New Zealand is one of those countries you wouldn’t think has a blasphemy law, but in fact, the penalty for a successful conviction of blasphemy is “imprisonment for a term not exceeding 1 year.”
Only once, in 1922, was a Kiwi prosecuted for the crime. Even then, he was found not guilty. So it’s not a law anyone needs to live in fear of, but the fact that it still exists carries symbolic weight. Getting rid of it would send a powerful message to nations which continue putting the feelings of constantly offended religious people over everyone’s right to free speech.
Earlier this month, after the Stephen Fry controversy in Ireland, there was an attempt to repeal the law by including it in a Crimes Act Amendment Bill. In addition to all the other changes the Bill would introduce, it would nullify the blasphemy law.
Prime Minister Bill English dismissed that effort, saying there was no “great urgency about it.”
Unfortunately, Parliament followed his lead.
Labour MP Chris Hipkins introduced an amendment to remove anti-blasphemy laws but both the National Party and the Maori Party voted against throwing it out of the Crimes Act.
Instead, the government wanted to go through the process of select committee and give the public the opportunity to submit on the potential law change.
The Humanist Society of New Zealand, which represented the 41 per cent of people in the country who were not religious, were appalled by the vote in Parliament.

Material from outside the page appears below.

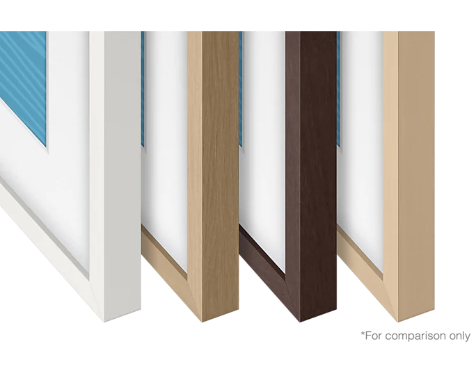 The Frame's bezel can be customized with 1 of 4 colour options consisting of White, Teak, Brown and Brick Red. These colour choices offer a tasteful contrast and subtly complement your room, a unique colour pattern or even a special occasion.

President Sara Passmore said the decision to keep the law was a “clear vote against human rights”.
“By refusing to remove the blasphemy law from our Crimes Act, the Government is saying we are not free to criticise and challenge all ideas. This decision was backwards, and not in line with international trends. We think people, not ideas, should be protected”.
This decision is unbelievably idiotic. Who cares what the public has to say? Freedom of speech shouldn’t be up for debate, and there’s no legitimate reason to keep this law on the books. Bad ideas should only be defeated with better ideas. The threat of imprisonment is a barbaric tool to wield against so-called blasphemers, even if there’s virtually no chance of that happening.
Meanwhile, countries like Pakistan and Saudi Arabia and India and Bangladesh can continue pointing to New Zealand to justify their own (actually harmful) blasphemy laws.
This was a missed opportunity. And until this law is repealed, it’ll continue to be a stain on the nation’s reputation.